# Why won't this timer work with CFLs?



## HARRY304E (Sep 15, 2010)

Dylanewilliams said:


> I just installed three of these on a service call, and the one controlling a CFL doesn't work. The reviews say other people had the same problem. Any ideas?
> 
> http://www.homedepot.com/p/Defiant-...ll-Digital-Timer-49814/203678179#.UfsnU9K1HTp



Find one that's rated for CFL's.


----------



## Dylanewilliams (May 17, 2013)

The client supplied them. The jobs done, but I was wondering why they dont work. I know dimmers don't work because of the way they cut off the sine wave, but this should just be acting like a switch ... right?


----------



## HARRY304E (Sep 15, 2010)

Dylanewilliams said:


> The client supplied them. The jobs done, but I was wondering why they dont work. I know dimmers don't work because of the way they cut off the sine wave, but this should just be acting like a switch ... right?


Yes it should.

You may need to use dimmable lamps,or LED lamps might work.


----------



## bkmichael65 (Mar 25, 2013)

CFL's are a non linear load


----------



## Dylanewilliams (May 17, 2013)

What does a non linear load mean? How does that affect the switching?


----------



## papaotis (Jun 8, 2013)

harry, i luv ya but i see a contradiction here in you answers. its a timer, it bshould not require anything unusual as far as what it is running. its either on or off, not dimming:no:


----------



## bkmichael65 (Mar 25, 2013)

It cuts off the sine wave like dimmers. I would guess that may be the problem here as well


----------



## FastFokker (Sep 18, 2012)

Don't think of it like a single pole switch, think of it like an electronic controller.


----------



## 480sparky (Sep 20, 2007)

It doesn't work because it's using the circuit to create a neutral. A very small amount of current needs to flow through the lamp so the electronics have power to operate.
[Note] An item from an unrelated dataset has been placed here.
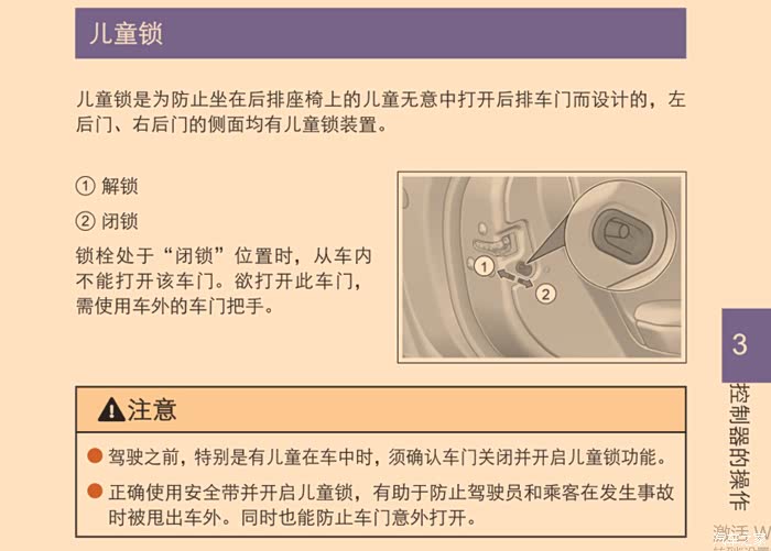 看说明书,童锁只能在后面车门的侧面手动开关,驾驶员不能通过按钮进行开关。这有点麻烦,如果有儿童,开车前必须先把童锁打开;如果没有儿童,开车前先把童锁关闭。老铁们有更好的办法开关童锁吗?

The CFL prevents that small amount of current flow.


----------



## Dylanewilliams (May 17, 2013)

480sparky said:


> It doesn't work because it's using the circuit to create a neutral. A very small amount of current needs to flow through the lamp so the electronics have power to operate. The CFL prevents that small amount of current flow.


Even though the device has a neutral connection?


----------



## 480sparky (Sep 20, 2007)

Dylanewilliams said:


> Even though the device has a neutral connection?
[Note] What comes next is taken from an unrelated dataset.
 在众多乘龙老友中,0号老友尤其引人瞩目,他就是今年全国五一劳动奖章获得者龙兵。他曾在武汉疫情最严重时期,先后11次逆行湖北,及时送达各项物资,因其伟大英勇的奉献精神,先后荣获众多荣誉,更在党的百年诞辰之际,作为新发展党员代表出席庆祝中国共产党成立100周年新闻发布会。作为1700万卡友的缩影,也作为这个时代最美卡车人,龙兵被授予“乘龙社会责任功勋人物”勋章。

So it has three wires, plus a ground?


----------



## Dylanewilliams (May 17, 2013)

4 plus ground since it can be used as a 3 way switch


----------



## 480sparky (Sep 20, 2007)

Put in a regular old bulb and see if it works. If it does, then CFLs can't be used on that switch.


----------



## Dylanewilliams (May 17, 2013)

It worked on the other two lights, both 4 pin fluorescent, but the cfl has a gu24 base (you've got to love California energy codes) so I told the client to try a gu24 LED


----------



## 8V71 (Dec 23, 2011)

Will the CFL's not shut off? Just a wild guess here but if that is your problem it is most likely that there are electronics doing the switching instead of a mechanical relay. If they are using a triac the CFL's might not be presenting enough of a load to turn the triac off. Others members more familiar with these timers may be able to give a better answer.


----------



## Wirenuting (Sep 12, 2010)

8V71 said:


> Will the CFL's not shut off? Just a wild guess here but if that is your problem it is most likely that there are electronics doing the switching instead of a mechanical relay. If they are using a triac the CFL's might not be presenting enough of a load to turn the triac off. Others members more familiar with these timers may be able to give a better answer.
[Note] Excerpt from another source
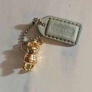 Elegant gold bear keychain by Coach. Ideal for bags or keys.

Same problem with LED bulbs.


----------



## phil20 (Apr 30, 2013)

just installed 2 with led's n they worked fine then went back to hone depot n the guys says they dont work with cfl's I taught he was nuts its just a switch


----------



## Ionspot (Aug 9, 2013)

8V71 said:


> Will the CFL's not shut off? Just a wild guess here but if that is your problem it is most likely that there are electronics doing the switching instead of a mechanical relay. If they are using a triac the CFL's might not be presenting enough of a load to turn the triac off. Others members more familiar with these timers may be able to give a better answer.


Good point, I would be curious to see that CFL pack...some earlier ones read "NOT for use on circuits with dimmers, timers, photocells, motion sensors or other control devices".
I suspect the triac controller for that disclaimer.


----------



## TQuade (Jan 22, 2010)

480sparky said:


> It doesn't work because it's using the circuit to create a neutral. A very small amount of current needs to flow through the lamp so the electronics have power to operate. The CFL prevents that small amount of current flow.






I don't think this is allowed but what if you switched the neutral instead of the feed I know it sounds shady but it would allow the light to have power for the electronic stuff inside?


----------